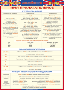 Таблица "Грамматика английского языка. Имя прилагательное" (100х140 сантиметров, винил) - fgospostavki.ru - Апрелевка
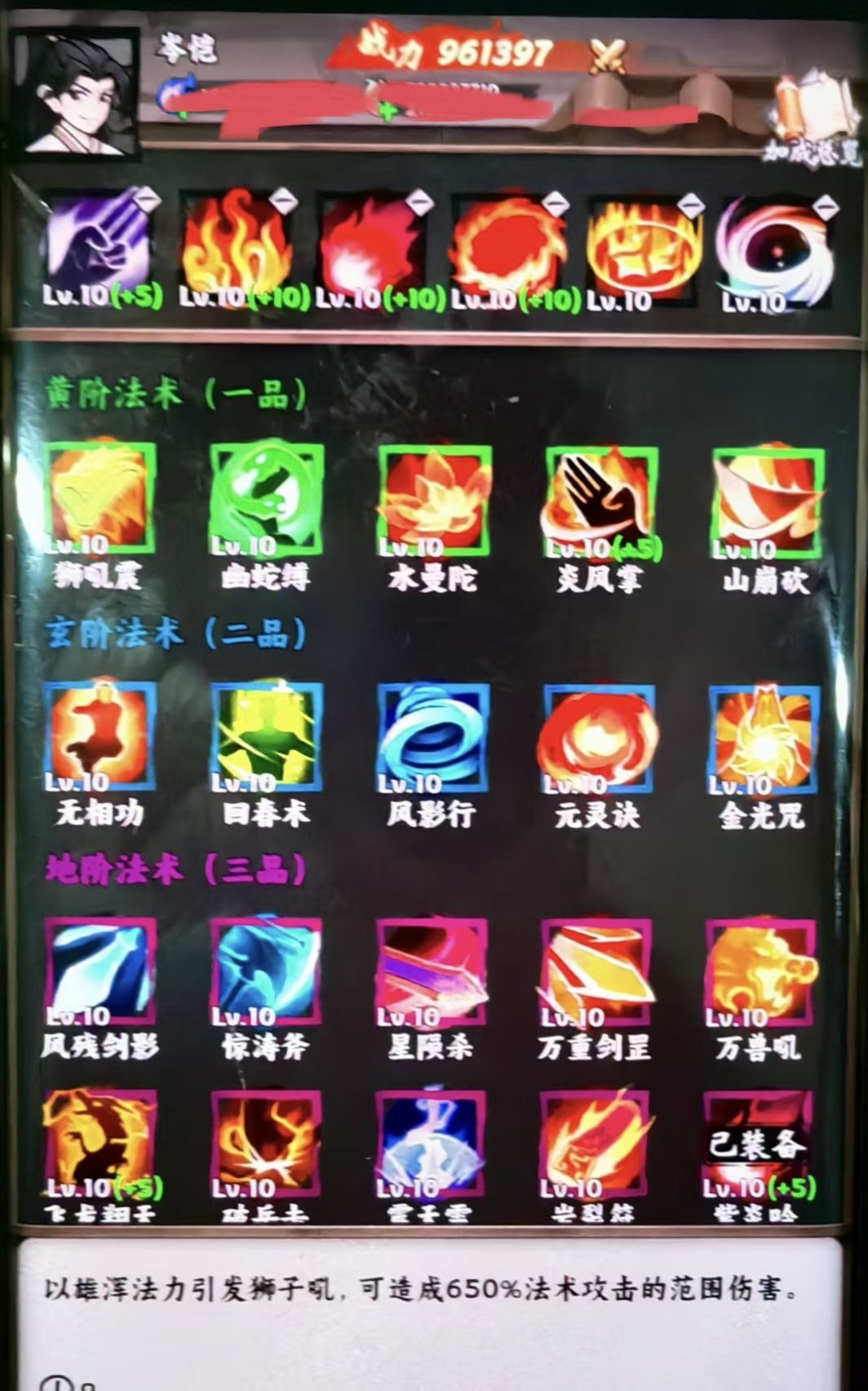 法术∶五灵诀,皇极印,焚天祭火,寂灭指,火炎莲,紫炎鸣(还有一个神技∶破岳击)
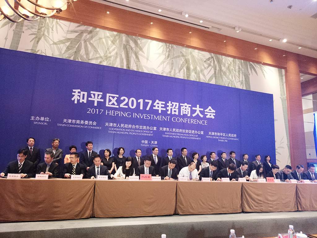 在當日的招商大會上,總部·結算中心·樓宇經濟板塊,蘇寧控股集團與和平區人民政府簽訂合作框架協議,擬落戶北方結算中心、蘇寧財險全國總部和蘇寧保理北方總部,中國民生投資集團產融結合項目、天津津能股份有限公司等一批總部項目簽約。金融類簽約項目有華融資產天津分公司、瑞穗銀行天津分行、北大方正人壽保險天津分公司、陽光人壽保險天津分公司等知名品牌項目。航運類簽約知名項目有日本華和海事和上港物流天津分公司。此外,還有天津廣電寬帶科技股份有限公司、美國風洞項目、環球兄弟股份有限公司、慈銘奧亞健康管理醫院和北方人才培訓中心等一些知名品牌參加簽約。
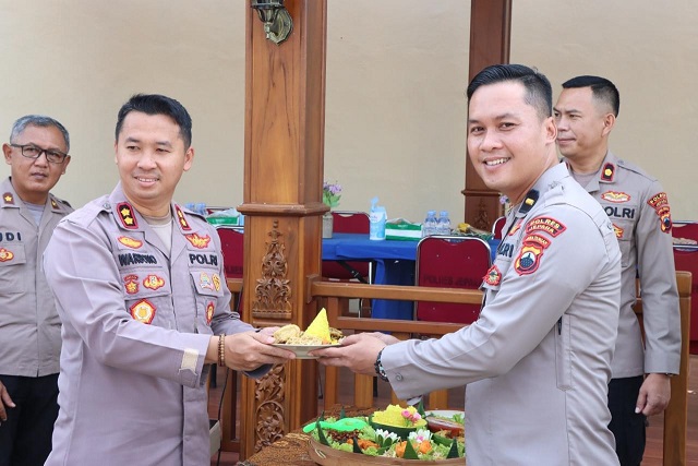 Kapolres Jepara AKBP Warsono, SH., SIK., MH didampingi Wakapolres Jepara Kompol Berry, ST., SIK, Pejabat Utama Polres Jepara, Personel Polres Jepara dan Taruna Akpol melaksanakan pemotongan tumpeng bersama rekan – rekan media Kabupaten Jepara.
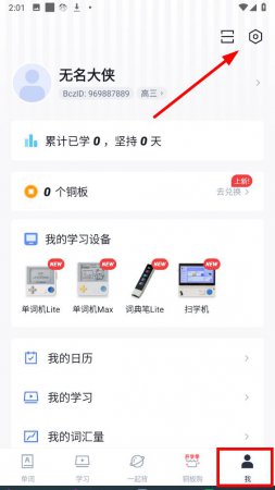 1、打开百词斩app点击底部中的我选项,在个人页面的右上角,点击设置图标,进入设置界面。
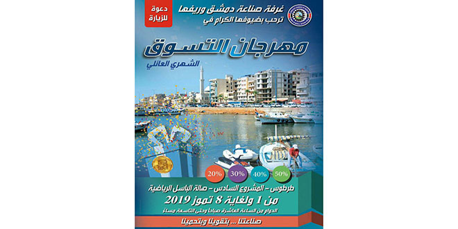 تنطلق يوم الاثنين المقبل في الصالة الرياضية بطرطوس فعاليات مهرجان التسوق الشهري “صنع في سورية” الذي تنظمه غرفة صناعة دمشق وريفها تحت عنوان “أهلاً بالصيف” ويستمر حتى الثامن من تموز القادم.
========================================================================
● Problem statement
Give back the material exactly as written, from its first line to the line that contains "在當日的招商大會上,總部·結", and leave out the pictures.

● Answer to the exercise
 Таблица "Грамматика английского языка. Имя прилагательное" (100х140 сантиметров, винил) - fgospostavki.ru - Апрелевка
 法术∶五灵诀,皇极印,焚天祭火,寂灭指,火炎莲,紫炎鸣(还有一个神技∶破岳击)
 在當日的招商大會上,總部·結算中心·樓宇經濟板塊,蘇寧控股集團與和平區人民政府簽訂合作框架協議,擬落戶北方結算中心、蘇寧財險全國總部和蘇寧保理北方總部,中國民生投資集團產融結合項目、天津津能股份有限公司等一批總部項目簽約。金融類簽約項目有華融資產天津分公司、瑞穗銀行天津分行、北大方正人壽保險天津分公司、陽光人壽保險天津分公司等知名品牌項目。航運類簽約知名項目有日本華和海事和上港物流天津分公司。此外,還有天津廣電寬帶科技股份有限公司、美國風洞項目、環球兄弟股份有限公司、慈銘奧亞健康管理醫院和北方人才培訓中心等一些知名品牌參加簽約。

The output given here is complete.